● Data extract
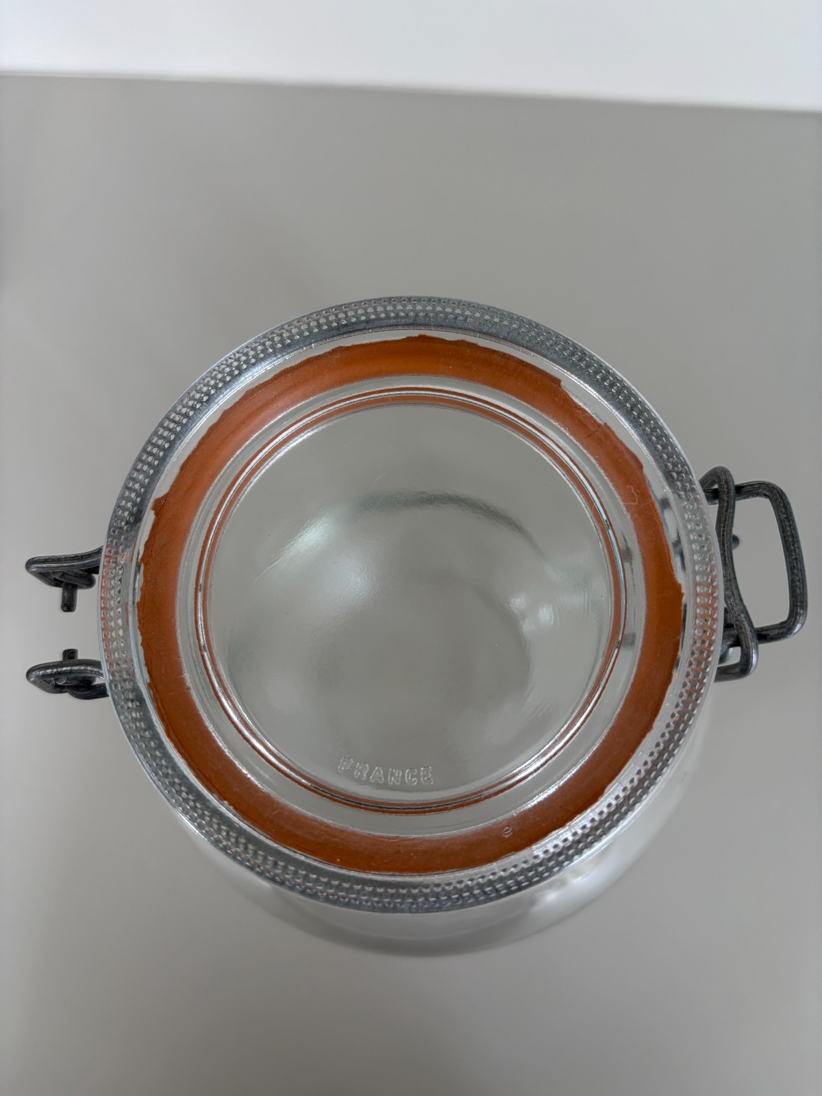 Large Vintage 3L Mason Style Glass Canning Jar Hinged Metal Bale Closure Seal Made in France Measures 10" high, 3.5" top opening, 4.5" across bottom Ideal Jar for storing and preserving a variety of goods with an airtight seal Jar is in good vintage condition. Wear consistent with age. Orange seal has some fraying. See all pics Please email with any questions Comes from a smoke free and pet free home Thank you for looking
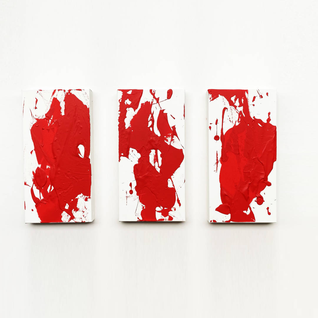 couleurs, en exemplaires uniques ou en séries. L’artiste travaille la spontanéité et la profondeur du geste, évoquant l’univers du textile dont il vient et cherche à se détacher, ou encore l’art numérique.
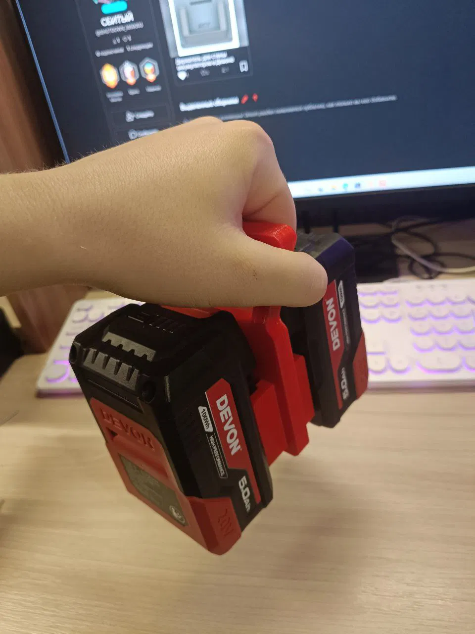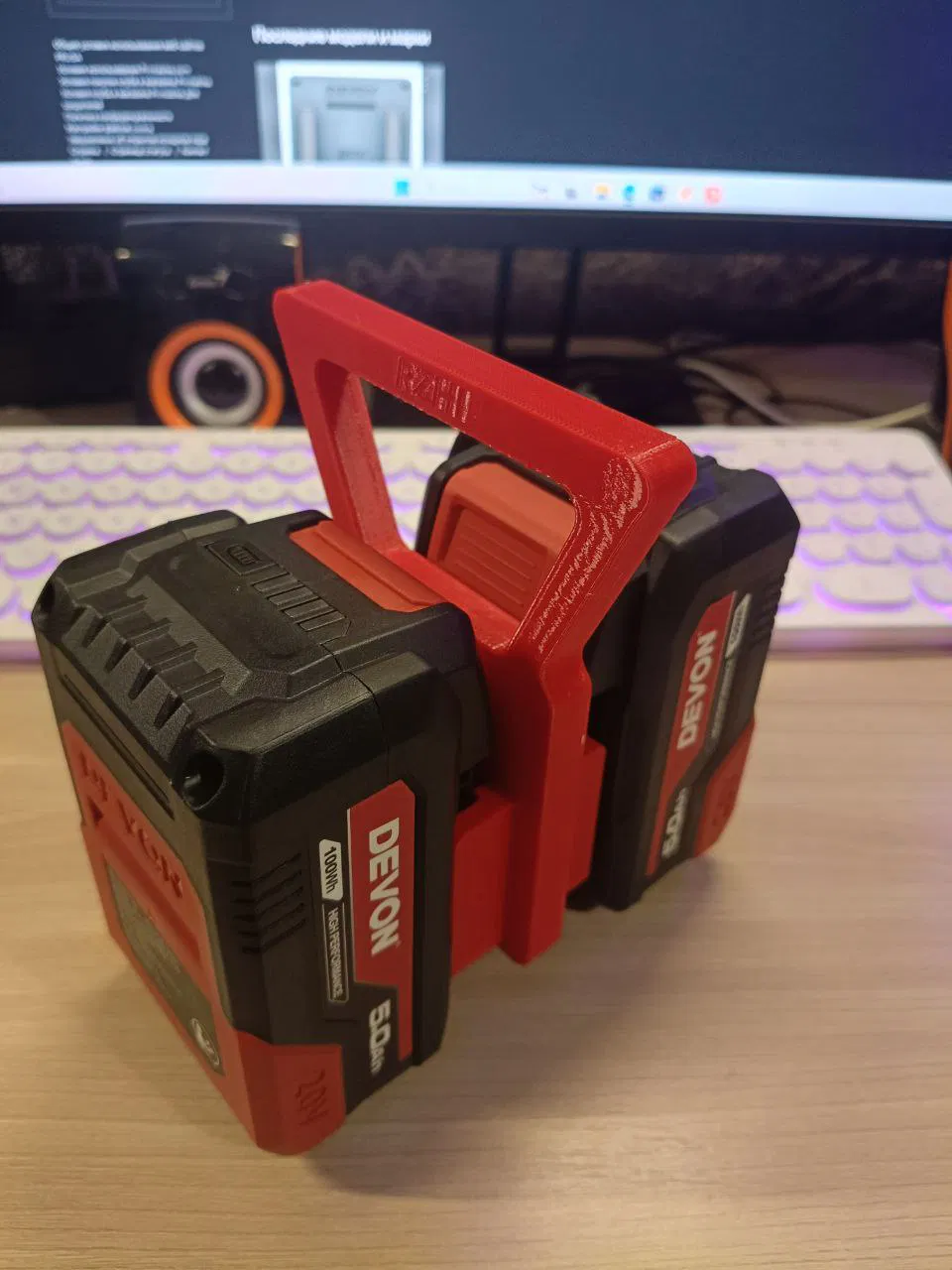 Giá/khung переноска liền khối để mang theo pin (battery) Devon. Mình in bằng PETG, nozzle 0.4 mm, layer 0.2. Giải pháp gọn nhẹ và rất tiện để vận chuyển pin.

● Task item
Go through the material above and print all of it exactly, except the pictures.

● Output
 Large Vintage 3L Mason Style Glass Canning Jar Hinged Metal Bale Closure Seal Made in France Measures 10" high, 3.5" top opening, 4.5" across bottom Ideal Jar for storing and preserving a variety of goods with an airtight seal Jar is in good vintage condition. Wear consistent with age. Orange seal has some fraying. See all pics Please email with any questions Comes from a smoke free and pet free home Thank you for looking
 couleurs, en exemplaires uniques ou en séries. L’artiste travaille la spontanéité et la profondeur du geste, évoquant l’univers du textile dont il vient et cherche à se détacher, ou encore l’art numérique.
 Giá/khung переноска liền khối để mang theo pin (battery) Devon. Mình in bằng PETG, nozzle 0.4 mm, layer 0.2. Giải pháp gọn nhẹ và rất tiện để vận chuyển pin.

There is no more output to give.